A POLICEWOMAN who suffered discrimination and harassment at the hands of fellow officers in North Yorkshire has been awarded £20,000 in damages.
The former firearms officer – identified only as Miss M for security reasons – raised a catalogue of complaints, including being asked by a training inspector if she wanted a pink gun.
During a training session, she was ordered to follow a sniffer dog to a cabinet which contained pornographic magazines. Miss M was also told that women did not have loud enough voices to shout during operations.
At the end of last year, an employment tribunal in London found in favour of the officer in three out of seven claims she made against North Yorkshire Police.
Miss M’s solicitor, Damian Kelly, yesterday confirmed the award of £20,000 in damages to his client, who no longer works as a firearms officer but is still a serving police officer.
Last night the North Yorkshire force pledged to learn lessons from the case.
The county’s police and crime commissioner, Julia Mulligan, said: “This was clearly a distressing case for the officer, and it is right she has been awarded damages.
“We must now focus on the lessons we have learned and improve the support for officers who make complaints.
“Speaking generally, I know how difficult it can be for a woman in a male-dominated environment. I want to ensure we have a fair and equal workplace for all.”
A spokesman for North Yorkshire Police said: “In view of the tribunal’s earlier findings, the force accepts that the claimant officer was entitled to an award of damages.
“These have been assessed as being in the middle band of the amounts set out in the law for compensation for injury to feelings in cases of this kind.
“We take on board the tribunal’s additional award for extra distress caused, in the main, by the officer’s original complaints not having been investigated as quickly as they ought to have been.
“The force does not intend to appeal against the tribunal’s awards.
“Lessons learned from the case have been, and will continue to be, carried into effect. For legal reasons – including the national security rules which apply to aspects of the case – we are not in a position to issue any further statement about the issues in this claim.”

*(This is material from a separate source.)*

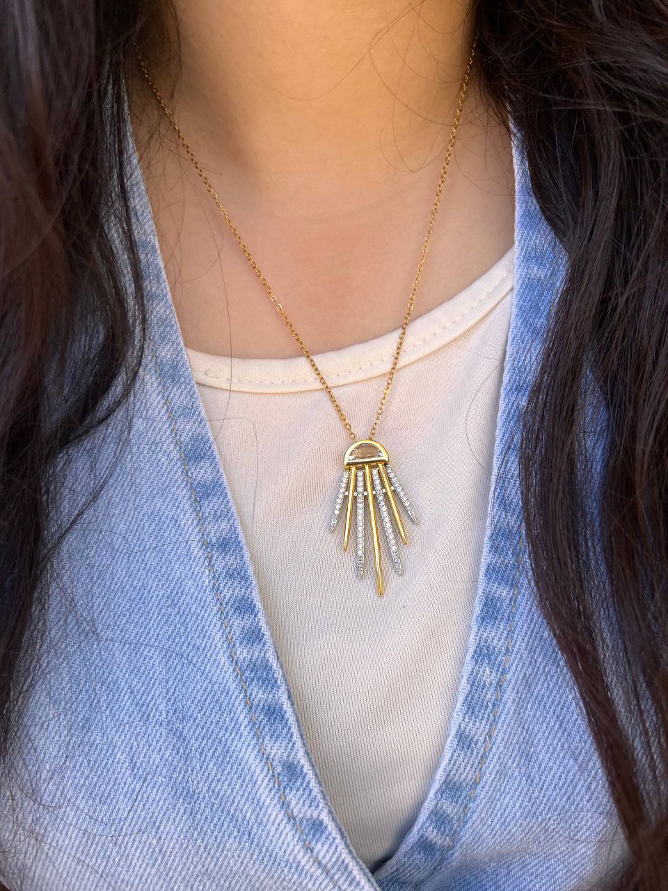 Elevate your style with this Stainless Steel 316 Necklace featuring a gold-plated pendant adorned with sparkling crystals.
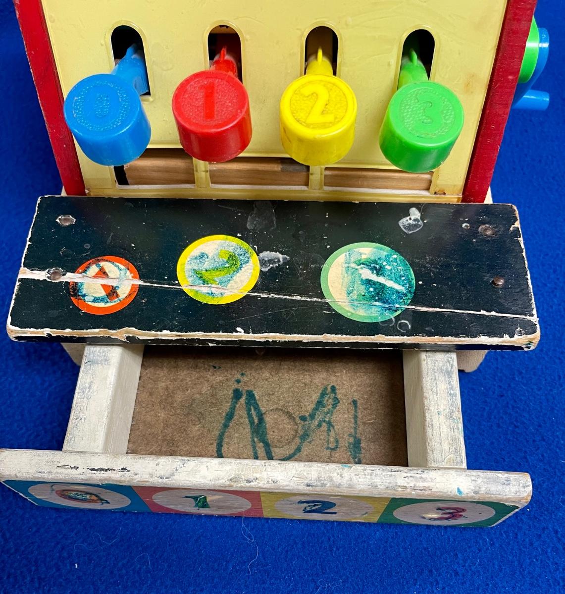 This cash register is in good condition. It is fully functional. There is a crack in the wood on the top piece shown in the pictures, but it’’s not loose.

The tribunal found North Yorkshire Police had subjected Miss M to harassment in respect of “cultural issues” in the firearms unit, discriminated against and victimised her by failing to deal with her complaints and indirectly discriminated against her by failing to supply body armour.
However, it also decided the force did not discriminate over Miss M wanting to take leave to pursue a sport, a firearms assessment or an order from the chief constable and it concluded she had not been adversely affected by whistleblowing.
Miss M completed her training as an authorised firearms officer in 2006. Between 2006 and 2010 she would periodically attend courses run by the North Yorkshire Police firearms training unit.
The tribunal stated she was subjected to “a hostile environment” as “the trainers were mindful that [Miss M] was something of a novelty, being one of only a very small number of female officers in the firearms unit”.
Its ruling also said: “It is certainly the case that the trainers had little or no diversity and equal opportunities training.”
After December’s verdict, Mr Kelly said: “It is very unfortunate that this case ever came before an employment tribunal.
“There were many opportunities when North Yorkshire Police could and should have sorted the underlying issues. Time, money and a great deal of stress to [Miss M] could have been avoided.”
He went on: “No organisation is without fault but when those faults are reported by a serving police officer they should be taken seriously and not “brushed under the carpet” as the employment tribunal has found.”
Mr Kelly also said: “[Miss M] is a well-liked officer and has colleagues supporting her, but the tribunal’s findings against the force are tinged with sadness as she had wanted to be a firearms officer.”